NetworkManager supports configuring routes in other routing tables than the “main” table. Hence, using policy-routing works in parts by configuring "ipv4.route-table" and "ipv6.route-table". The problem is that currently NetworkManager does not support configuring the routing policy rules themselves. For now, the rules must be configured outside of NetworkManager. You could do so via a dispatcher script in /etc/NetworkManager/dispatcher.d, but yes, this is lacking. See the NetworkManager manual about dispatcher scripts.

Key, Peer, and IP Address Management

The beauty of WireGuard is its simplicity. But it also leaves all questions about key distribution, peer management and IP address assignment to the upper layers. For the moment NetworkManager does not provide additional logic on top of WireGuard and exposes just the plain settings. This leaves the user (or external tools) to manually distribute private keys and configure peers, IP addresses and routing. I expect that as WireGuard matures there will be schemes for simplifying this and NetworkManager may implement such protocols or functionality. But NetworkManager won’t come up with a homegrown, non-standard way of doing this.

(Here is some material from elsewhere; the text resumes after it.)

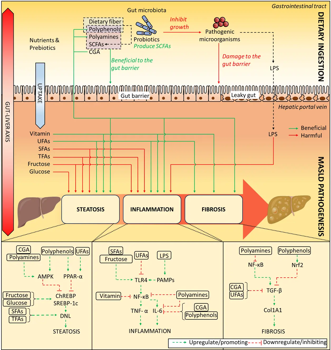 Through the use of prebiotics and probiotics, fermented foods offer significant health benefits by enhancing host nutrition and microbiota composition while providing distinctive flavor profiles. Fermentation substantially alters the bioactive compounds in these foods compared to their natural state. Additionally, fermented foods contain probiotics that can modulate consumers’ gut microbiomes, which in turn regulate host biochemistry to help combat various metabolic diseases. Metabolic dysfunction-associated steatotic liver disease (MASLD) represents a growing global health burden. Gut microbiome dysbiosis, combined with unbalanced nutritional intake, is considered a primary driver of disease pathogenesis. Fermented foods can modify the bioavailability of micronutrients—including carbohydrates, polyphenols, and vitamins—thereby influencing host metabolism. Moreover, the probiotics present in fermented foods, along with their modulatory effects on the gut microbiota, contribute to both the management and prevention of MASLD. Modern fermentation approaches, leveraging synthetic biology, systems biology, and metabolic engineering, can further maximize these health benefits. This review summarizes the components, bioactive compounds, and mechanistic pathways by which fermented foods influence the pathogenesis of MASLD, and highlights the potential applications of modern fermentation technologies to enhance their health-promoting properties.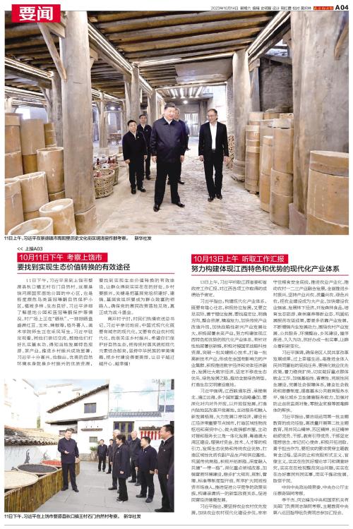 10月10日至13日,习近平在江西省委书记尹弘和省长叶建春陪同下,先后来到九江、景德镇、上饶等地,深入长江岸线、企业、历史文化街区、农村等进行调研。

WireGuard is Layer3 only. That means you cannot run DHCP on a WireGuard link and ipv4.method=auto is not a valid configuration. Instead, you have to configure static addresses or IPv6 link local addresses.

Namespaces

WireGuard, like most tunnel based solutions, have neat applications regarding networking namespaces. This is not implemented in NetworkManager yet, but we would be interested to do so. Note that this isn’t specific to WireGuard tunnels and namespace isolation would be a useful feature in general.

What’s next?

  • Add support for policy-routing rules (rhbz#1652653).
  • Automatically help avoiding routing loops when routing all traffic.
  • Add nmcli support for configuring WireGuard peers.
  • Add WireGuard support to other NetworkManager clients, like nm-connection-editor.
  • See where management tools for WireGuard go and what NetworkManager can do to simplify management of keys, peers and addressing.
  • Provide an API in NetworkManager to isolate networks via networking namespaces. This is not specific to WireGuard but will be useful in that context.